[Items from a dataset]
BEGIN
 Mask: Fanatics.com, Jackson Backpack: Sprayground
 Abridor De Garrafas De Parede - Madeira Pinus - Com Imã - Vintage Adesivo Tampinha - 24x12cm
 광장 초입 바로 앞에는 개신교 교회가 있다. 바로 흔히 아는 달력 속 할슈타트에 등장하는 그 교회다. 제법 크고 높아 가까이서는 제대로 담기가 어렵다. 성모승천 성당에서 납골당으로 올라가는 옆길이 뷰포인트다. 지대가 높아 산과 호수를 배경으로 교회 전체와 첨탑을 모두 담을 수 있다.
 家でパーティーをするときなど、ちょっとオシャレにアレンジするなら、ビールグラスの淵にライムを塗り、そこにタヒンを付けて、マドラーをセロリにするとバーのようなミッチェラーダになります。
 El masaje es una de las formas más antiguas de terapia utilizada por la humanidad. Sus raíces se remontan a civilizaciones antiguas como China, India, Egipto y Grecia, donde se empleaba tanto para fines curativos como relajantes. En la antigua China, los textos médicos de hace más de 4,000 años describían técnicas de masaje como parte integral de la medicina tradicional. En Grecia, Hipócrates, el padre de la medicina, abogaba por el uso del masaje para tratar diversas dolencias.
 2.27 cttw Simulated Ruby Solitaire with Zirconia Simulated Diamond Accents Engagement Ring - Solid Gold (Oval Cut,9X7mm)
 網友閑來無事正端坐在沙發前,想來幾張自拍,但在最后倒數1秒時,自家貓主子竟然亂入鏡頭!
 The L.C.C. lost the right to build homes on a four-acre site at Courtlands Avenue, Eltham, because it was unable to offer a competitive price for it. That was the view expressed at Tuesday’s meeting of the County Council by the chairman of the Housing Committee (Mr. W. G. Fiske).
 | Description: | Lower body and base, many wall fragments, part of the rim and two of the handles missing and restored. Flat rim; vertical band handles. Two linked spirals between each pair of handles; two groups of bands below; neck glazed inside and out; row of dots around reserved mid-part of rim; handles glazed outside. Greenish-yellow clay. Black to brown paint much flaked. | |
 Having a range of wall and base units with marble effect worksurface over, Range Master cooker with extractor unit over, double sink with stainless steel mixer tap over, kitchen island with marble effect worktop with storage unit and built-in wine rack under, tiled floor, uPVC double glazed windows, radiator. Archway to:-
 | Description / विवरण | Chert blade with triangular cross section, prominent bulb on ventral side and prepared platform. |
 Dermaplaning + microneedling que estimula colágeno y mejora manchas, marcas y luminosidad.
END
• [PROBLEM DETAILS]
What is needed is an exact copy of all the records above.

• [THE ANSWER]
 Mask: Fanatics.com, Jackson Backpack: Sprayground
 Abridor De Garrafas De Parede - Madeira Pinus - Com Imã - Vintage Adesivo Tampinha - 24x12cm
 광장 초입 바로 앞에는 개신교 교회가 있다. 바로 흔히 아는 달력 속 할슈타트에 등장하는 그 교회다. 제법 크고 높아 가까이서는 제대로 담기가 어렵다. 성모승천 성당에서 납골당으로 올라가는 옆길이 뷰포인트다. 지대가 높아 산과 호수를 배경으로 교회 전체와 첨탑을 모두 담을 수 있다.
 家でパーティーをするときなど、ちょっとオシャレにアレンジするなら、ビールグラスの淵にライムを塗り、そこにタヒンを付けて、マドラーをセロリにするとバーのようなミッチェラーダになります。
 El masaje es una de las formas más antiguas de terapia utilizada por la humanidad. Sus raíces se remontan a civilizaciones antiguas como China, India, Egipto y Grecia, donde se empleaba tanto para fines curativos como relajantes. En la antigua China, los textos médicos de hace más de 4,000 años describían técnicas de masaje como parte integral de la medicina tradicional. En Grecia, Hipócrates, el padre de la medicina, abogaba por el uso del masaje para tratar diversas dolencias.
 2.27 cttw Simulated Ruby Solitaire with Zirconia Simulated Diamond Accents Engagement Ring - Solid Gold (Oval Cut,9X7mm)
 網友閑來無事正端坐在沙發前,想來幾張自拍,但在最后倒數1秒時,自家貓主子竟然亂入鏡頭!
 The L.C.C. lost the right to build homes on a four-acre site at Courtlands Avenue, Eltham, because it was unable to offer a competitive price for it. That was the view expressed at Tuesday’s meeting of the County Council by the chairman of the Housing Committee (Mr. W. G. Fiske).
 | Description: | Lower body and base, many wall fragments, part of the rim and two of the handles missing and restored. Flat rim; vertical band handles. Two linked spirals between each pair of handles; two groups of bands below; neck glazed inside and out; row of dots around reserved mid-part of rim; handles glazed outside. Greenish-yellow clay. Black to brown paint much flaked. | |
 Having a range of wall and base units with marble effect worksurface over, Range Master cooker with extractor unit over, double sink with stainless steel mixer tap over, kitchen island with marble effect worktop with storage unit and built-in wine rack under, tiled floor, uPVC double glazed windows, radiator. Archway to:-
 | Description / विवरण | Chert blade with triangular cross section, prominent bulb on ventral side and prepared platform. |
 Dermaplaning + microneedling que estimula colágeno y mejora manchas, marcas y luminosidad.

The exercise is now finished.